Postby Leonidas300 » Mon May 10, 2010 10:26 pm

This is a good thread.

adrianus, I think that what you are doing is admirable, and I understand your motives completely. I hope to one day have the mastery of Latin that you demonstrate in this thread.

I am somewhat of a cliche on this site I am sure; I studied Latin in school where I found it fascinating, but I chose to go elsewhere for my academic thrills. I have returned to the subject and I would dearly love to be able to write in Latin with the skills of adrianus.

I would like a little advice though, and I think many of us out here would like the same; forgive me if this has already been requested.

Given the free texts on this site and bearing in mind what is available on the Perseus project, is there someone that could write a definitive list of texts, running from easiest to hardest in terms of difficulty, but that is also mapped to the learning stages of D'Ooge's Latin for Beginners et al. that the aspiring classicist could attack and digest?
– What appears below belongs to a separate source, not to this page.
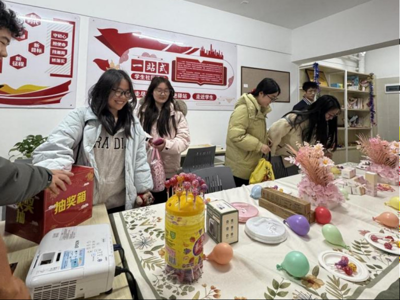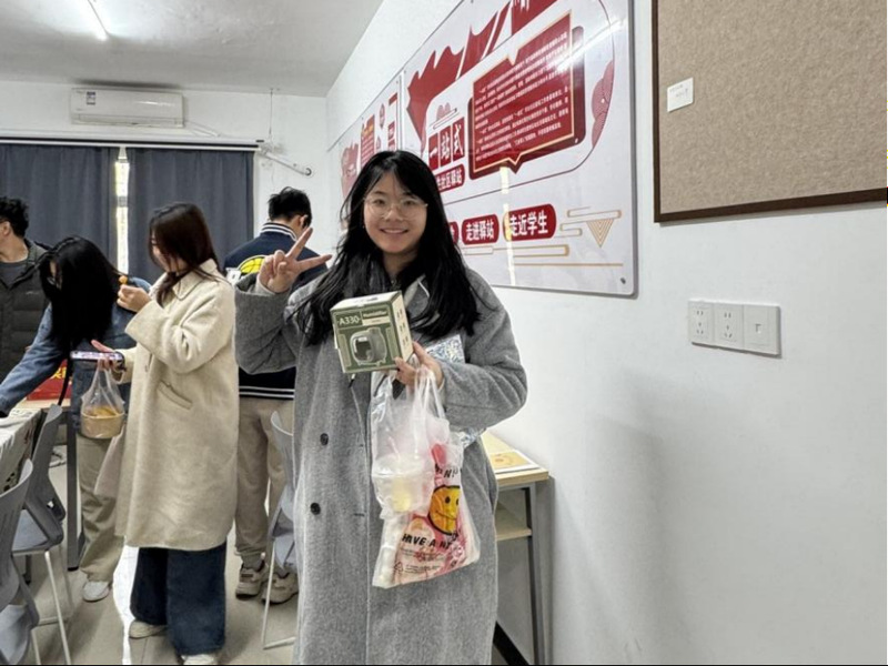在幸运抽奖环节,现场气氛热烈非凡。参与者将写有个人信息的小卡片放入抽奖箱,满怀期待地参与抽奖。特等奖加湿器、一等奖LED化妆镜、二等奖小夜灯、三等奖香薰等丰厚奖品令人心动。即便未中奖的同学,也收获了小卡扣头绳等小礼品,现场洋溢着欢声笑语。工作人员热情地介绍活动规则,协助同学们参与抽奖,确保每一位参与者都能顺利体验。

I for one would love to be able to put a marker at a stage in D'Ooge or any other learning text that said "Attempt 'X'", knowing that I would have a fairly decent chance of translating a little original material, and not the Latin equivalent of "Where's Wally" found in the learning texts themselves, which I find to be demotivating. I know that to run, you need to be able to walk, but it would be nice to have a target to aim for.

The same would be great of Greek too, and if it hasn't been done already, I think that this ordered text reading plan could be a great thing for those of us motivated by the thought of reading the original texts in the original languages.

Any help at all on this would be much appreciated, even if it is just a starter for ten, as I'm sure there will be debate on what the order of texts would be.